In his detailed report on what the OAS monitors observed of the process that culminated in the July 8 general elections, Assistant Secretary General Ramdin commented on the orderly conduct of poll workers and others involved, noting that polls closed promptly at 5:00 p.m. and, “as at the opening, electoral officials followed the proper procedures carefully and efficiently.”

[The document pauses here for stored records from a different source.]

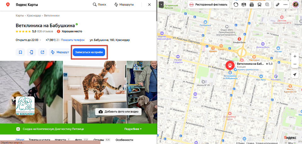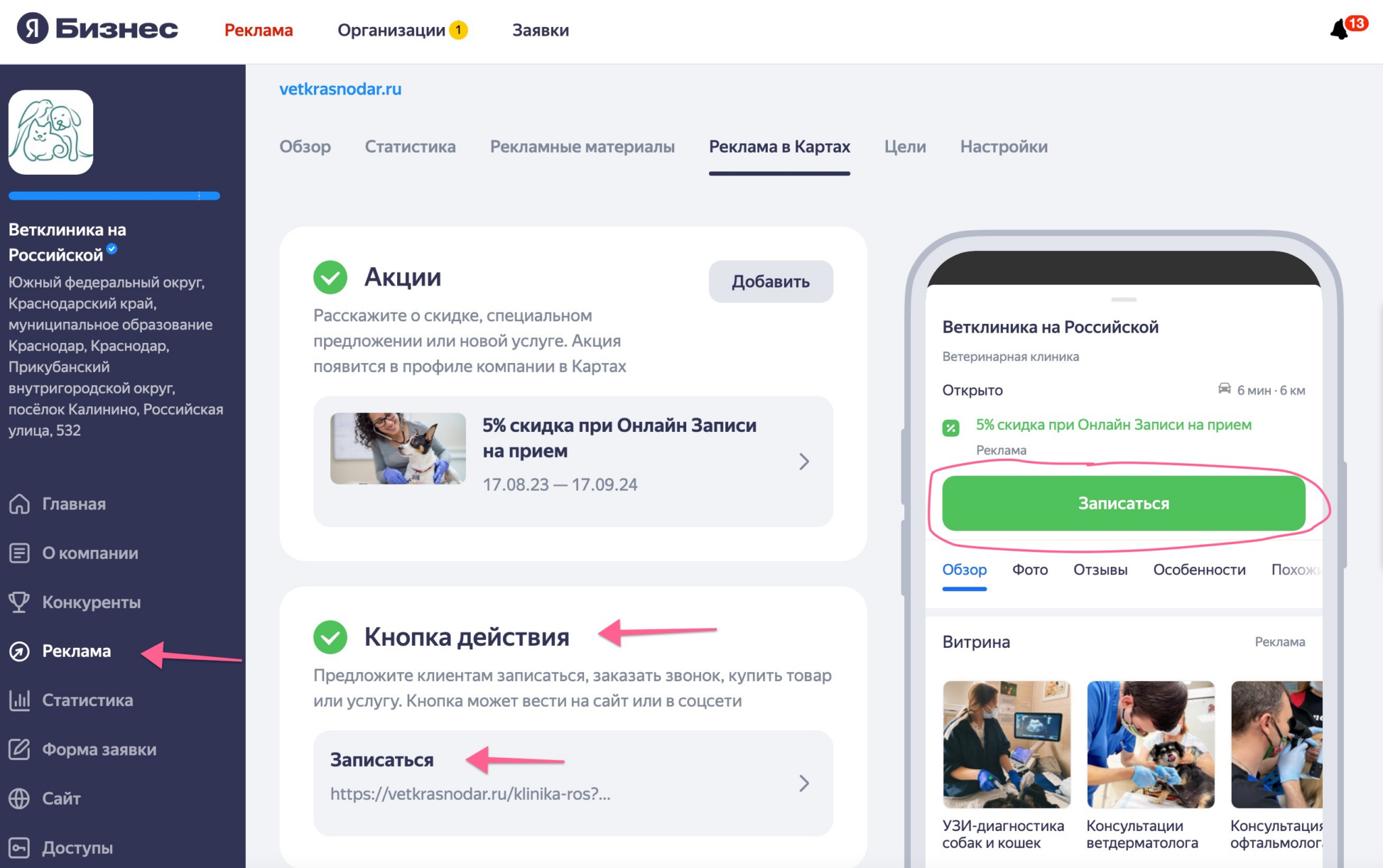 Как добавить информацию о клинике и кнопку онлайн-записи на прием в Yandex-картах.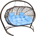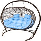 МГПДЛ-12-03 Подвесной диван ЛЕЖЕБОКА с ротангом коричневый, голубая подушка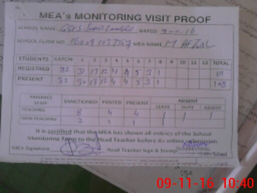 | Certified that this School was Inspected by the Undersigned MEA/DMO Today and the Information Stated Above is as Per Record. | |||||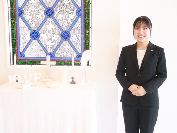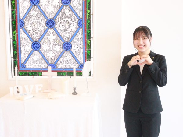 「高校生の頃からブライダル業界に興味があり、県内唯一のブライダルとホテルを学べる学校だったため、オープンキャンパスに参加しました。とても丁寧な対応をして下さった先輩方がとても印象的でした。座学だけではなく実習やイベントが多くあり、実践的に学べるところにも魅力を感じました。」

The OAS Electoral Observation Mission also noted “relatively few areas in which it felt that the electoral process in Grenada could be improved.” The Mission recommended that in order to improve the system, an accurate voter’s list should be produced at an early date; all political parties and civil society should collaborate to agree on conduct during election campaigns; and that a cross-party accord on campaign financing and media access would be useful to promote transparency and accountability. In response to their requests, the OAS confirmed its commitment to helping civil society organizations in Grenada as they seek to build capacity “to assume a broader ongoing neutral role in monitoring and debating governance issues.”

Ambassador Ramdin specially acknowledged the “crucial financial support” and observers provided by the governments of Canada, China, the United Kingdom and the United States to facilitate the Electoral Observation Mission in Grenada. In addition to the team members and the OAS Office in Grenada, Ramdin also thanked St. George’s University in Grenada as well as the University of the West Indies for providing observers.

Grenada’s Permanent Representative to the OAS, Ambassador Denis Antoine, stressed that in observing last week’s elections, the hemispheric organization witnessed “democracy in action.” The process of general elections affirmed that democracy is alive and well in Grenada, Antoine added. He also thanked the OAS for its continued engagement with Grenada, and said that the Electoral Observation Mission’s recommendations were well-received.